=== Section Start ===

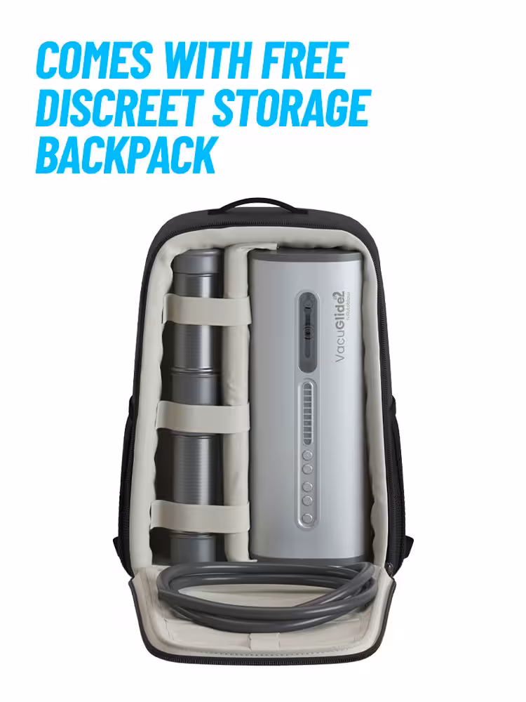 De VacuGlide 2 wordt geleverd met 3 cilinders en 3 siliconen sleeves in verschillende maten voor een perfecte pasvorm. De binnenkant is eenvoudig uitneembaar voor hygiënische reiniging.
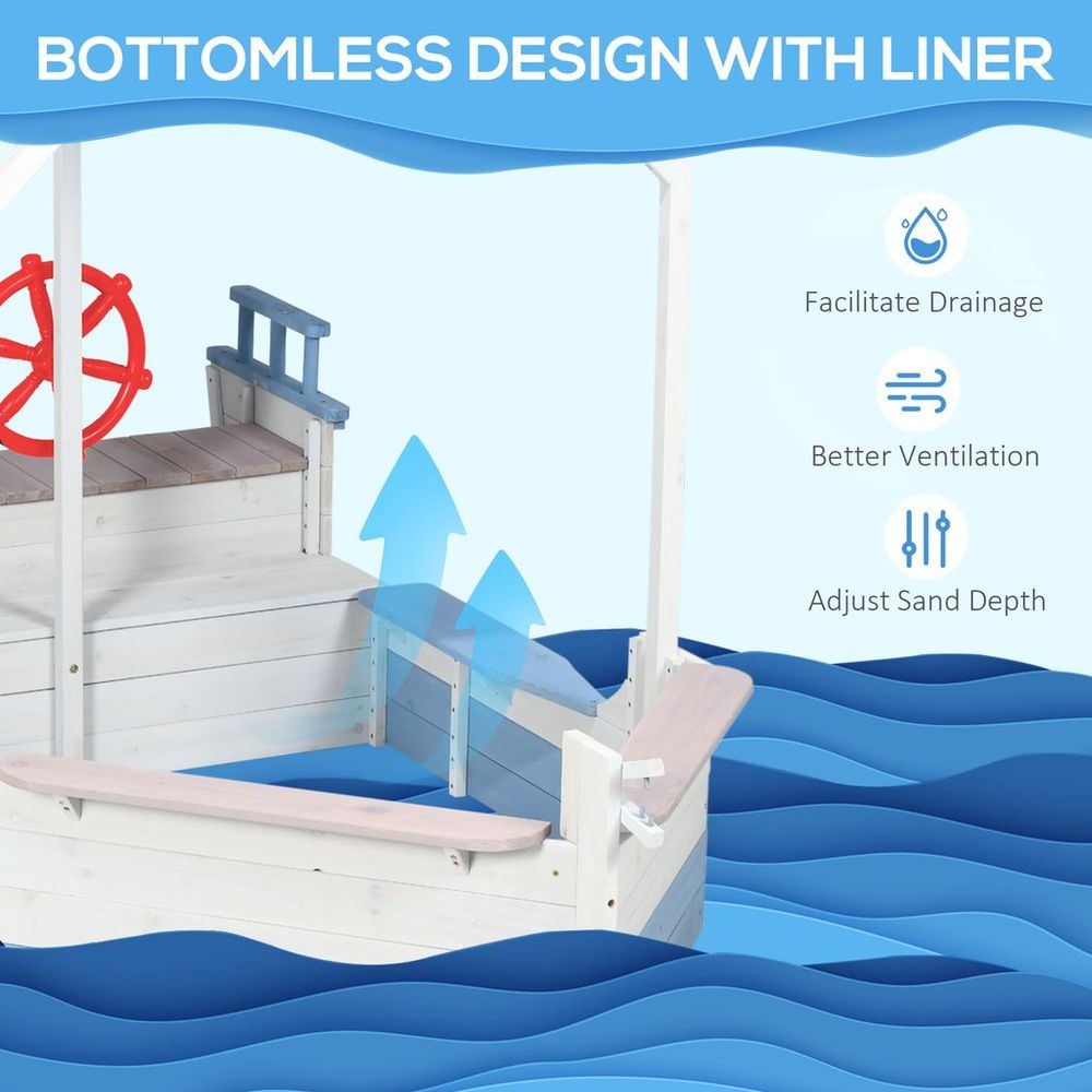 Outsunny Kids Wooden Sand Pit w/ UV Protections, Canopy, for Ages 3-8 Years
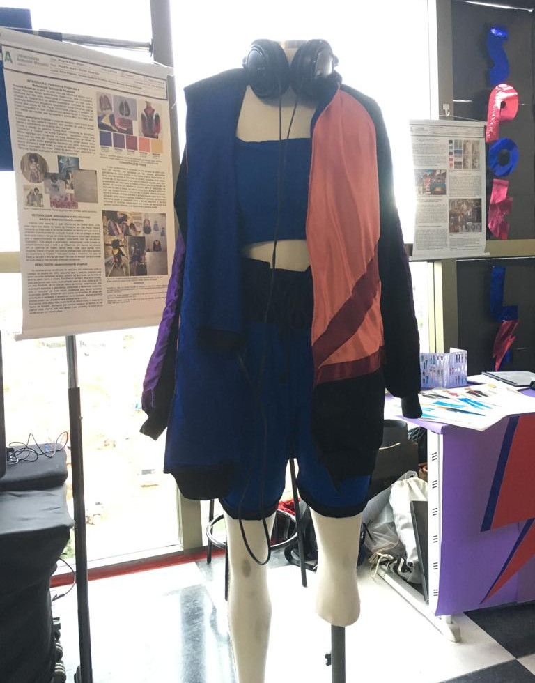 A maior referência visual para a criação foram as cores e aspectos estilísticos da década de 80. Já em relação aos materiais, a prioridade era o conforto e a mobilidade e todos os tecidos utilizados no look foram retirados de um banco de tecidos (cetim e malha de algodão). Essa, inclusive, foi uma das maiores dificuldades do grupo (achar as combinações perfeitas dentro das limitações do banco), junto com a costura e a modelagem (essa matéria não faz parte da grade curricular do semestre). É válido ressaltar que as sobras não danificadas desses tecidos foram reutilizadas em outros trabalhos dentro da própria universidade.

=== Section End ===

**Prompt:** Print the entire listing precisely as written, omitting the images it holds.

**Your solution:**
 De VacuGlide 2 wordt geleverd met 3 cilinders en 3 siliconen sleeves in verschillende maten voor een perfecte pasvorm. De binnenkant is eenvoudig uitneembaar voor hygiënische reiniging.
 Outsunny Kids Wooden Sand Pit w/ UV Protections, Canopy, for Ages 3-8 Years
 A maior referência visual para a criação foram as cores e aspectos estilísticos da década de 80. Já em relação aos materiais, a prioridade era o conforto e a mobilidade e todos os tecidos utilizados no look foram retirados de um banco de tecidos (cetim e malha de algodão). Essa, inclusive, foi uma das maiores dificuldades do grupo (achar as combinações perfeitas dentro das limitações do banco), junto com a costura e a modelagem (essa matéria não faz parte da grade curricular do semestre). É válido ressaltar que as sobras não danificadas desses tecidos foram reutilizadas em outros trabalhos dentro da própria universidade.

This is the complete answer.